Habiendo analizado lo anteriormente es necesario estudiar la dignidad personal y el sentido de la


vida. La dignidad propia del ser humano es un valor singular que fácilmente puede reconocerse. Lo
podemos descubrir en nosotros o podemos verlo en los demás. Pero ni podemos otorgarlo ni está en
nuestra mano retirárselo a alguien. Es algo que nos viene dado. Es anterior a nuestra voluntad y reclama
de nosotros una actitud proporcionada, adecuada: reconocerlo y aceptarlo como un valor supremo
(actitud de respeto) o bien ignorarlo o rechazarlo. La persona se configura como una realidad única e
irrepetible y, por tanto, insustituible. En ella se unen los dos aspectos fundamentales de la dignidad
humana. Por un lado, la dignidad ontológica (constitutiva) que pertenece a todo ser humano por el
hecho de serlo y se halla ligada indisolublemente a su naturaleza racional y libre.
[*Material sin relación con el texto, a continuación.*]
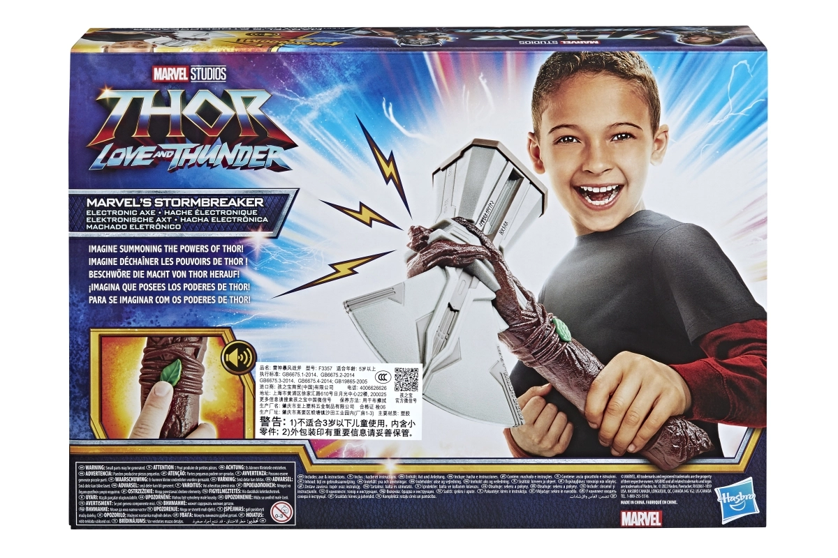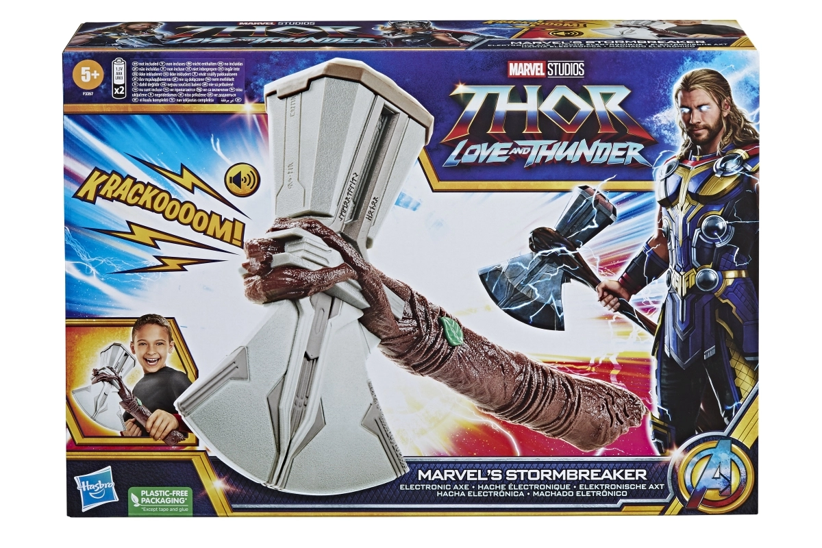 Izjūti AVENGERS varoņa spēku ar leģendārā cirvja Stormbreaker kopiju. Rotaļlieta iedvesmota no filmas Thor: Love and Thunder un sniedz bērniem un faniem autentisku pieredzi, pateicoties dinamiskajiem skaņas efektiem.
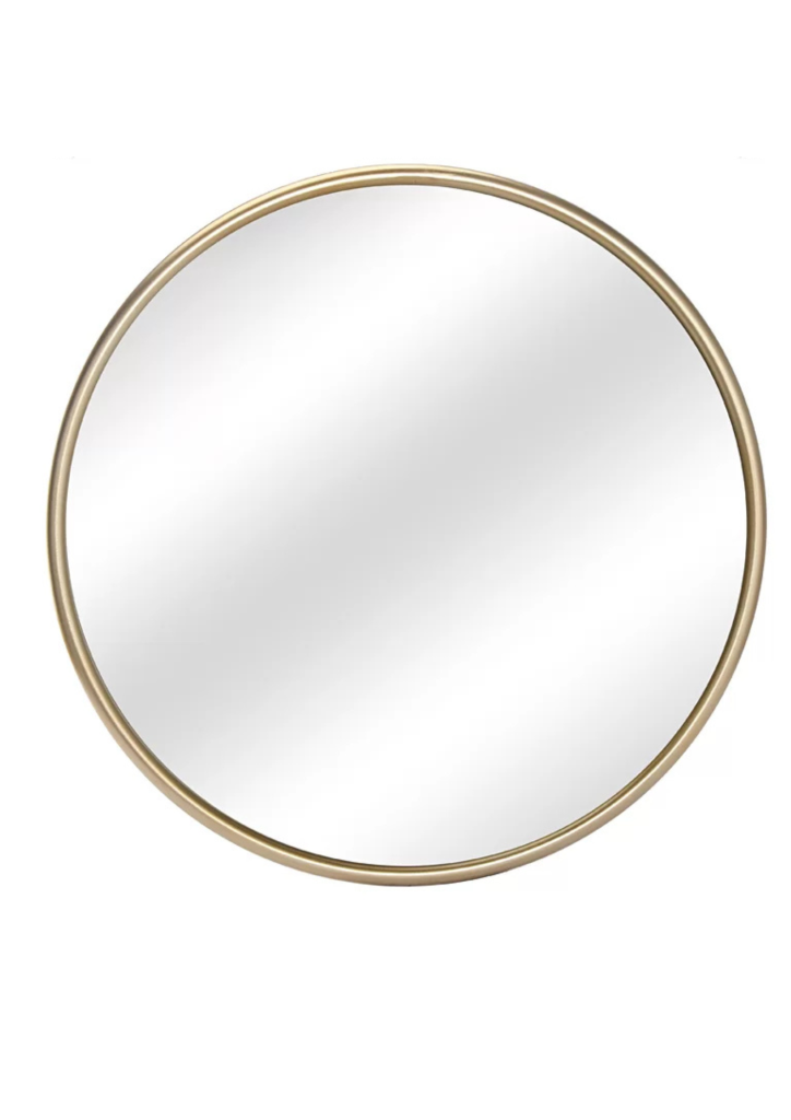 Above the dresser, I hung the Kelly Clarkson Home Gavarnie Bathroom Vanity Mirror. Yes, it’s technically a bathroom mirror, but I loved the shape and the vintage-inspired design so much that I knew it would make a gorgeous statement in the living room. The mirror adds depth and brightness to the space, making it feel larger and more open. Plus, it’s such a unique focal point that draws attention without clashing with the rest of the decor.

Y por otro, la dignidad
moral (complementaria) que deriva del propio carácter libre del hombre que lo lleva a comportarse de
modo tal que alcance la perfección.

En síntesis, a la vez que forma parte del mundo, el ser humano lo trasciende y muestra una singular
capacidad, por su inteligencia y por su libertad, de dominarlo. Y se siente impulsado a la acción con esta
finalidad. Podemos aceptar por tanto que el valor del ser humano es de un orden superior con respecto
al de los demás seres del universo. Y a ese valor lo denominamos dignidad humana.